Mastering Focus Groups and Depth Interviews: A Practitioner’s Guide and How Hard Is It to Be Your Customer? Using Journey Mapping to Drive Customer-Focused Change

Reviewed by Susan Fader Fader & Associates Teaneck, NJ susanfader@faderfocus.com

Reviewed by Susan Fader, Fader & Associates, Teaneck, NJ, susanfader@faderfocus.com

Mastering Focus Groups and Depth Interviews: A Practitioner’s Guide by Roger A. Straus, PhD, Paramount Market Publishing, 2019

How Hard Is It to Be Your Customer? Using Journey Mapping to Drive Customer-Focused Change by Jim Tincher and Nicole Newton, Paramount Market Publishing, 2019

It takes a lot of skill to field market research properly. Both books drive this point home but focus on different aspects. The first provides an overview of qualitative research and the second provides a deep dive into CX (Customer Experience) through journey mapping.

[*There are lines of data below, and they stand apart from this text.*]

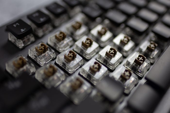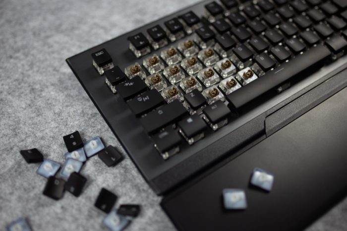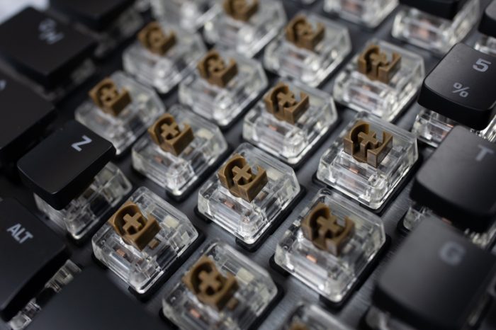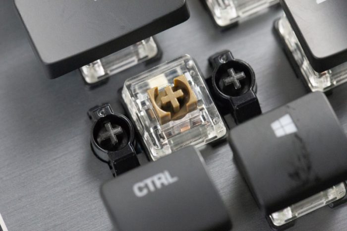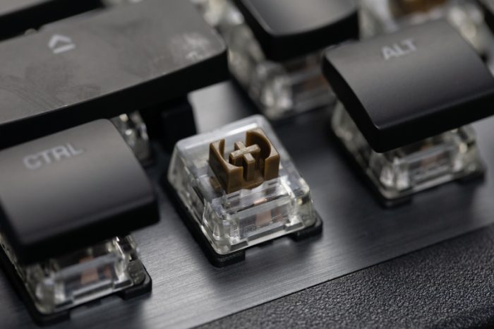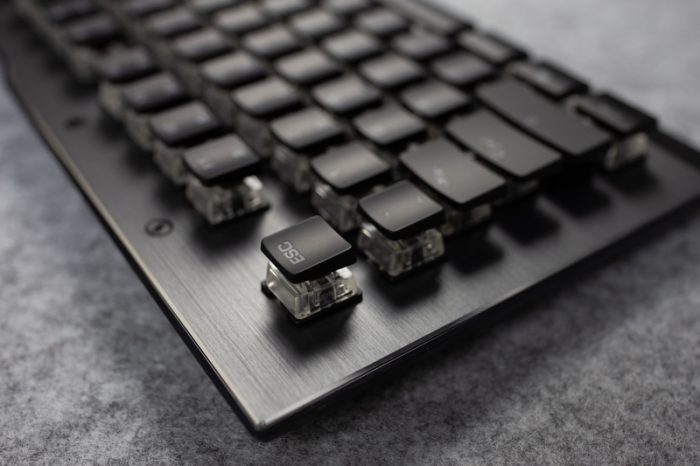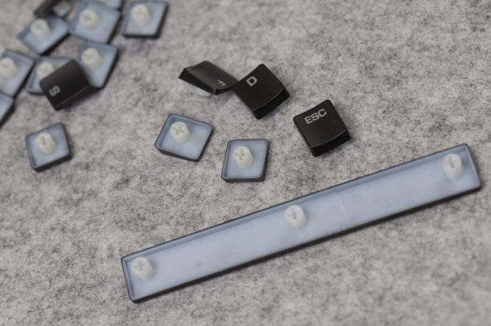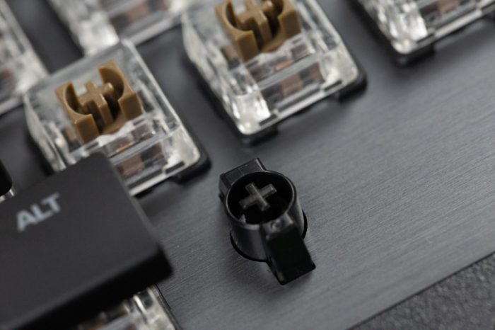 ROCCAT Vulcan 120 AIMO的轴体是与TTC深度独家定制的Titan Switches(泰坦轴),估计大家对于这个轴体十分好奇,所以接下来详细聊一聊Titan Switches。由于键帽是超薄型,所以拆卸十分方便,不需使用拨键器轻松就可以拆卸下来。
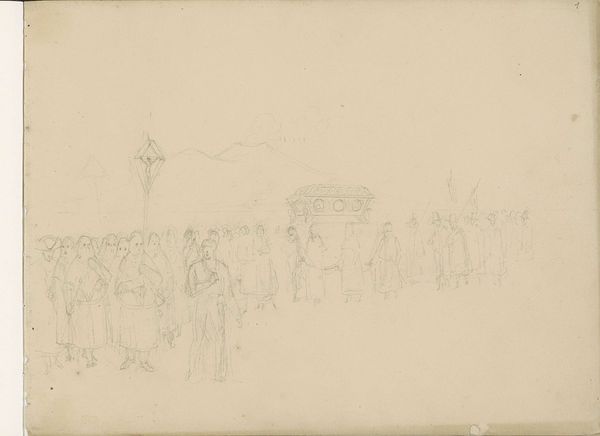 Winslow Homer rendered "Officers and Horses at Rest" with graphite on paper. Notice how Homer uses delicate lines to define the forms of soldiers and their horses. The composition is divided into two distinct registers, each presenting a different arrangement of figures. Homer uses line and form to capture a sense of quietude amidst the potential chaos of military life. The sketch-like quality destabilizes the traditional heroic depictions of war, offering a more intimate, human perspective. The absence of dramatic action shifts our focus to the subtle interactions between the officers and their mounts. The linear quality of the work invites us to consider the structured relationships between the figures and their environment. This piece functions not only as a visual record but also as a commentary on the psychological space of men at war, subtly conveyed through the structural elements of line and composition.
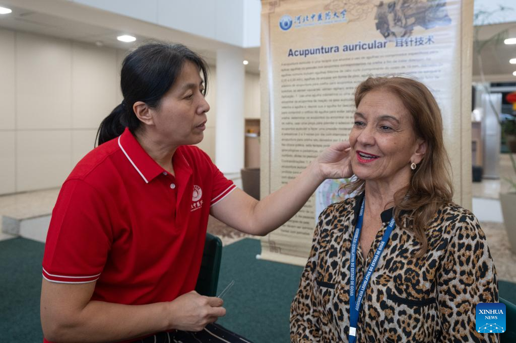A teacher (L) from the Confucius Institute of Chinese Medicine at the Federal University of Goias administers auricular therapy to a participant during a Chinese cultural event in Goiania, the state of Goias, Brazil, April 9, 2025. An event featuring traditional Chinese culture opened at the Legislative Assembly of Goias State on Wednesday, attracting many local visitors. (Xinhua/Wang Tiancong)
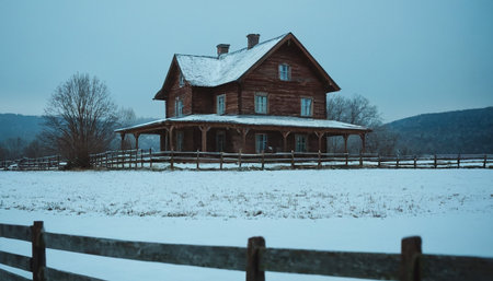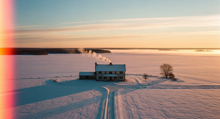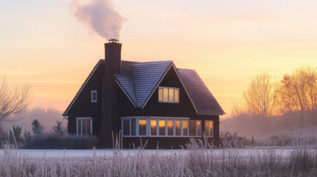 Cozy rural home with chimney smoke and frosty grass during early winter sunrise
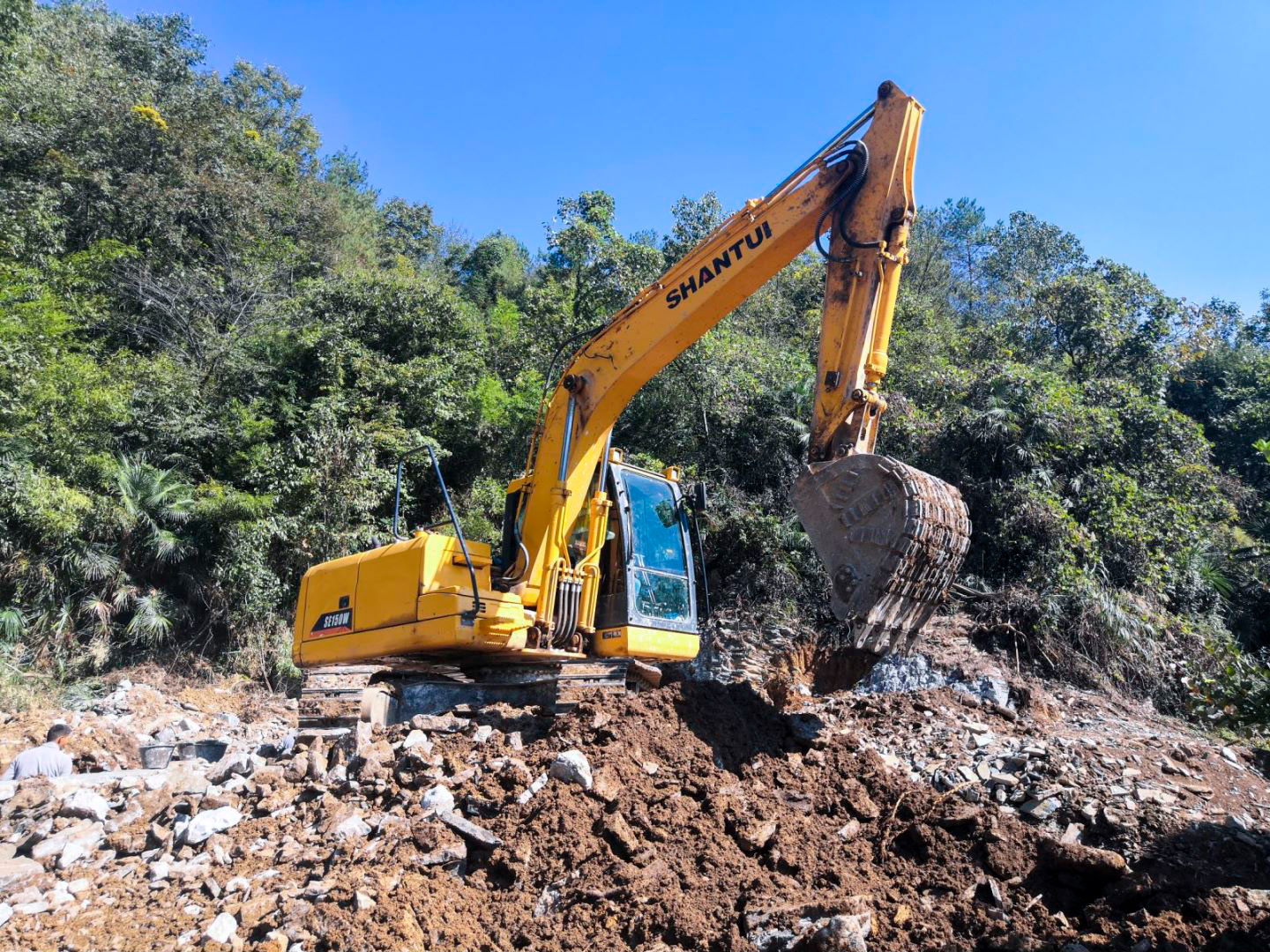 The Shantui SE150 Excavator is a compact and efficient machine, perfect for a variety of mid-sized construction, landscaping, and utility tasks. Equipped with a Cummins QSF3.8T engine delivering 86 kW/2200 rpm, the SE150 offers a blend of power and agility, making it ideal for projects where precision and efficiency are paramount. Its reinforced boom and arm are designed for durability, ensuring the SE150 can handle demanding jobs while maintaining reliable performance. The advanced hydraulic system allows for smooth, precise control, enabling detailed excavation, trenching, and material handling.
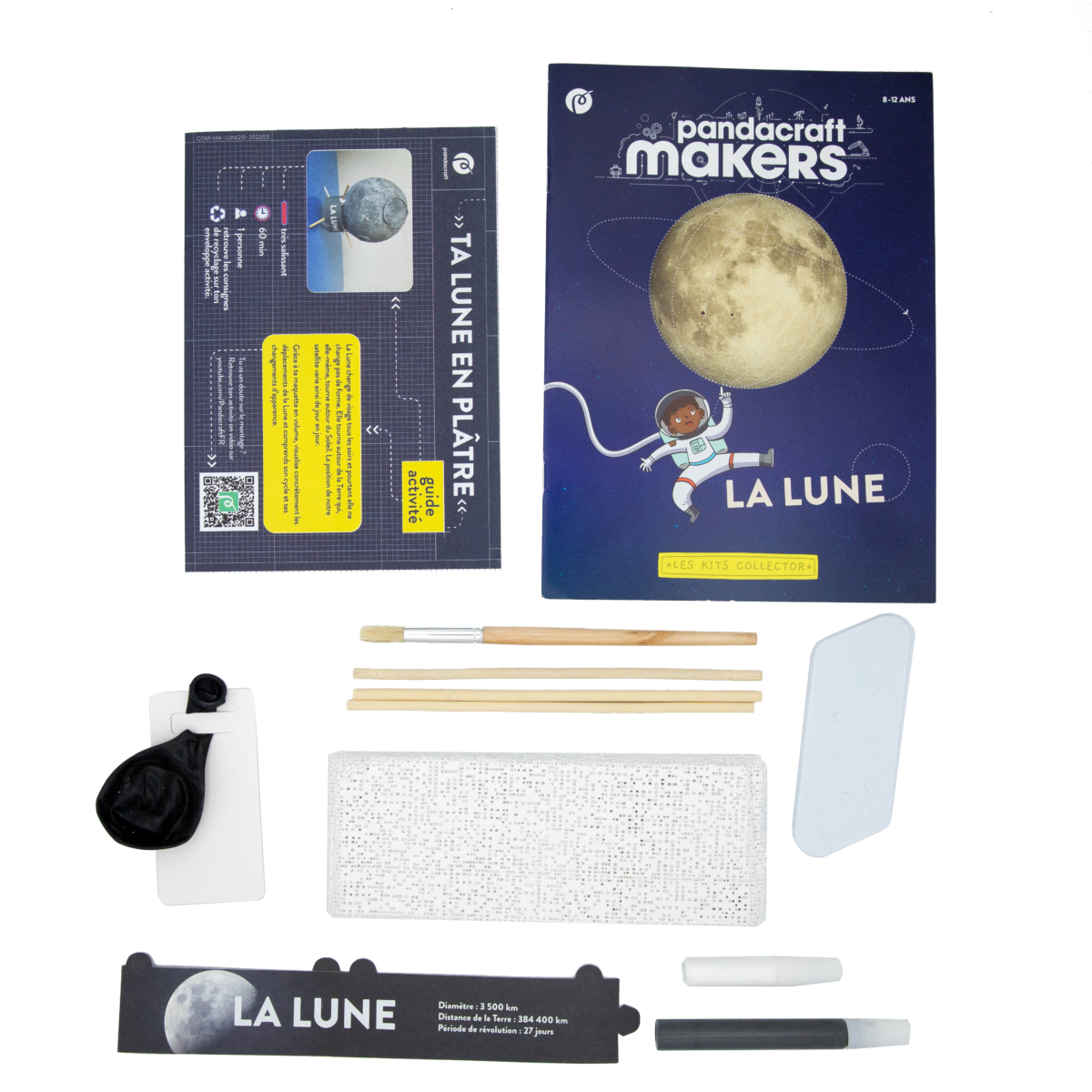 | Contenu du produit | 1 dossier éducatif de 16 pages pour découvrir les mystères de la Lune 1 enveloppe activité avec tout le matériel pour construire son laboratoire d'exploration 1 guide d'activité |
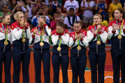 Золото завоевали гимнастка Маргарита Мамун в многоборье, женская сборная по гандболу, борец вольного стиля Абдулрашид Садулаев в весовой категории до 86 кг и Александр Лесун в современном пятиборье
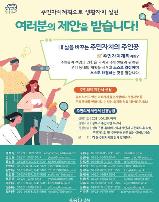사업제안서는 성북구 주민이면 누구나 낼 수 있으며, 성북구청 홈페이지에서 서식을 내려 받아 작성 후 4월 20일까지 해당 동 주민자치회 사무실과 주민센터로 방문 혹은 이메일 제출하면 된다.
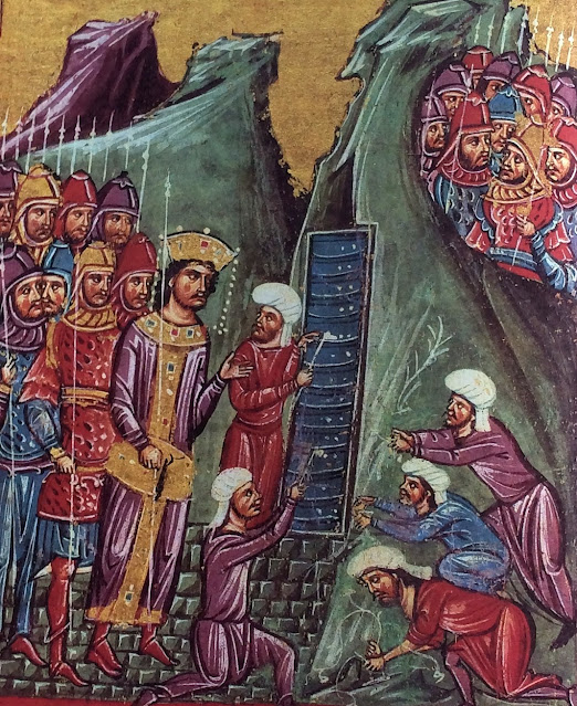 Πέρυσι τέτοια εποχή, η στήλη αυτή είχε ασχοληθεί με το βιβλίο του Δημήτρη Κουγιουμτζόγλου, Ο Βυζαντινός Μέγας Αλέξανδρος. Πολλές από τις παραπάνω σκέψεις αφορμώνται από εκεί. Το βιβλίο βέβαια ασχολείται με πολύ περισσότερα. Προσφέρει μία πλήρη παρουσίαση της θέσης του Αλεξάνδρου στη βυζαντινή λογοτεχνία και κυρίως στη βυζαντινή τέχνη. Θα ήθελα να σταθώ μόνο στην κορυφαία καλλιτεχνική αποτύπωση, του Μεγάλου Αλεξάνδρου ως θείου, ηλιακού βασιλέα, να ανέρχεται στον ουρανό πάνω σε ένα άρμα που σέρνουν γρύπες – η οποία κοσμεί και το εξώφυλλο του πολυσέλιδου τόμου.
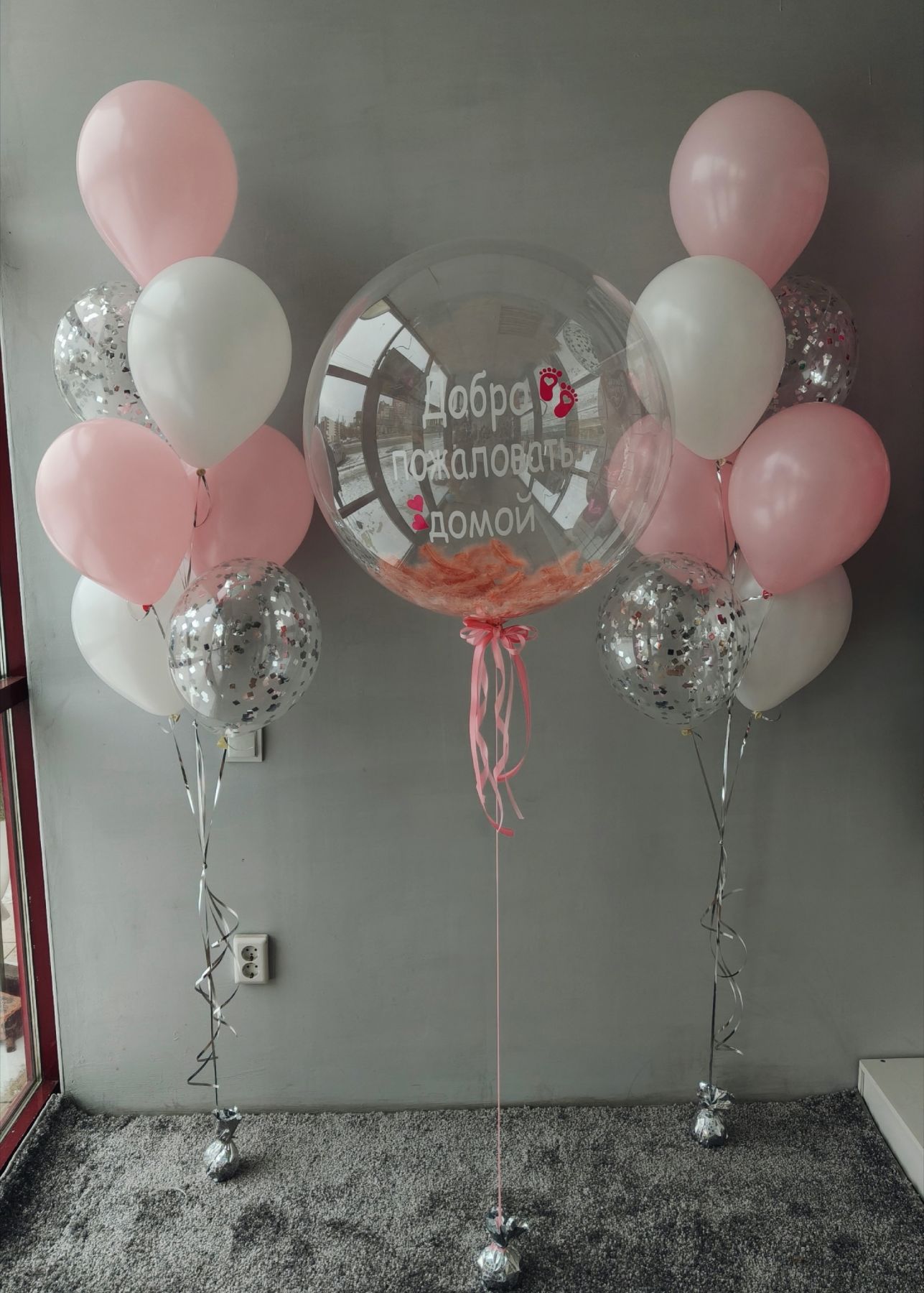 Композиция состоит из : 2 фонтана из 7 шаров бабл шар с надписью ( надпись может быть любой)
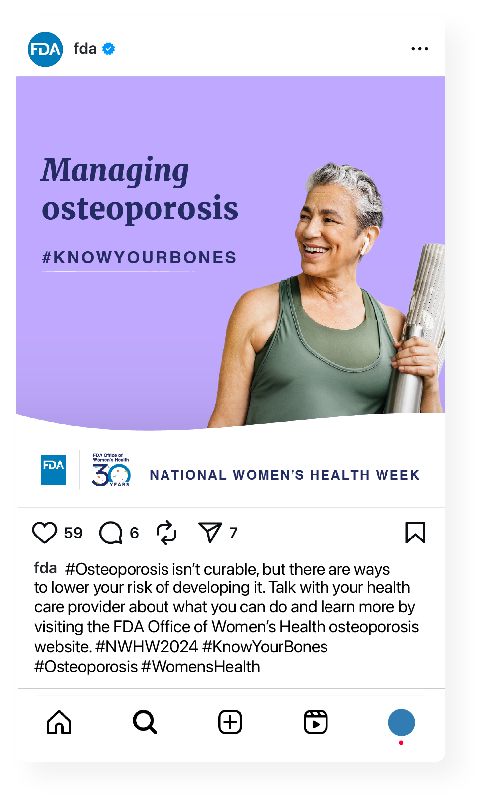 In 2024, we were tasked with developing a social media campaign around the theme of osteoporosis and bone health—which may not always be a top-of-mind topic during routine visits or when taking preventative measures for health risks.
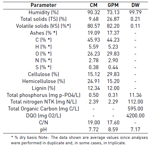 Characterization of substrate, co-substrates and inoculum, as well as the control parameters, were performed according to the standard methods [15], as follows: VFAs (5560 C. Distillation method), ammonia (4500-NH3 E. Titration method), alkalinity (2320B. Titration method), pH (pH meter), Chemical Oxygen Demand (COD) (5220 D. Closed reflux, colorimetric method), ST (2540 B. Total solids dried at 103-105 °C), SV (2540 E. Fixed and volatile solids incinerated at 550 °C), Total Kjeldahl Nitrogen (TKN) (4500-Norg.B. macro-Kjeldahl method). Cellulose, hemicellulose, and lignin were determined by the Van Soest method through the procedures of neutral detergent fiber, acid detergent fiber, and acid detergent lignin. For methane content, the volumetric method was carried out, according to the literature [16]. Chromatographic analyses of biogas were made in a SHIMADZU GC17A gas chromatograph, column: DB-WAX (Agilent Scientific, 30 m x 0.25 mm x 0.25 μm), Detector: FID at 280 °C, Injector: split/splitless at 250 °C. Injection split 1:10 and mobile phase: Helium AP at 1.0 ml/min. Before analyzing the results, biogas production data were converted to normal conditions (temperature of 0°C and 1 atmosphere of pressure). For CM and GPM, the theoretical BMP was calculated based on the elemental composition developed in [17] using Equations 1 and 2 [18]; for DW, it was calculated assuming that the consumption of 1 g of COD corresponds to 350 mL of methane at standard temperature and pressure using Equation 3 [18].
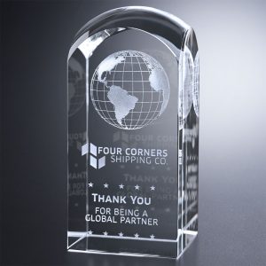 This multi-dimensional pyramid of flawless blue and clear crystal make a bold statement. The Apogee Award features clear crystal and streaming blue highlights, topped with a brilliant blue peak.
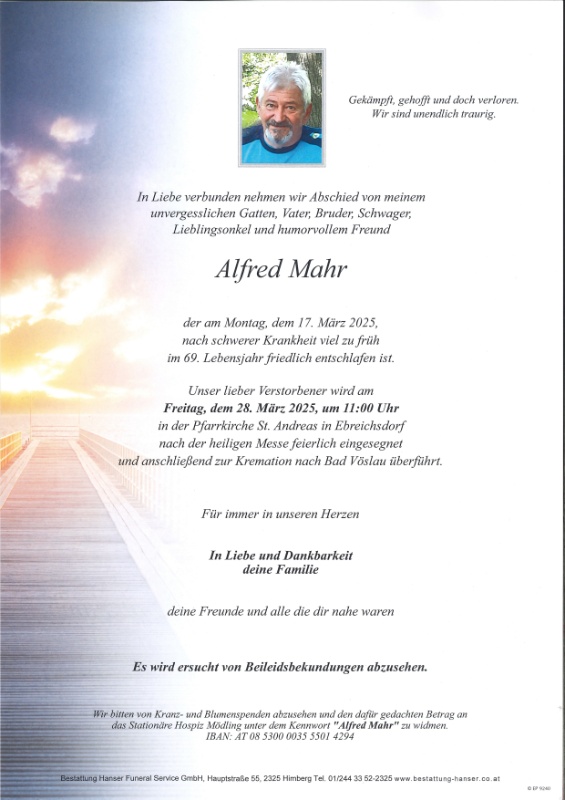 in diesen Tagen fühlen wir mit Ihnen und wünschen Ihnen von Herzen, dass Sie aus den glücklichen Erinnerungen Kraft schöpfen, um positiv in die Zukunft zu gehen. Diese Gedenkseite möge Ihnen dabei helfen, Ihre Trauer zu teilen und das Andenken gemeinsam wachzuhalten.
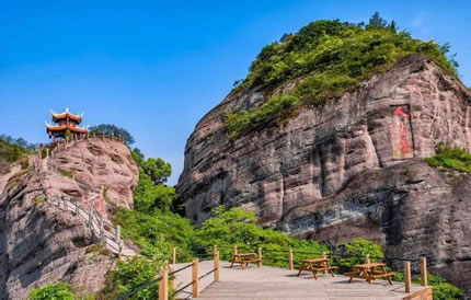 冠豸山屬于丹霞地貌,其自然形態(tài)之美在于山之奇險與幽秀,水之清冽與甘甜。遠望冠豸,山并不高。登上盤旋的山路,走過“蒼玉峽”,來到“半云亭”時,便自然產(chǎn)生“云層覺路嶺千尋”的感覺。丹梯云棧緊與半云亭相連,峭壁之上,開鑿磴道,垂直如梯,右邊是懸崖,巖色赤潤,左邊是絕谷,谷深萬丈。行走在云棧之間,有如行走在古木蒼郁的樹梢之上,行走在半空的云霧之間。

Roger A. Straus, the author of Mastering Focus Groups and Depth Interviews: A Practitioner’s Guide, has a PhD in sociology and is an experienced focus group moderator and in-depth interviewer who has designed and fielded many qualitative studies across categories and demographics. He has both client and custom research supplier experience.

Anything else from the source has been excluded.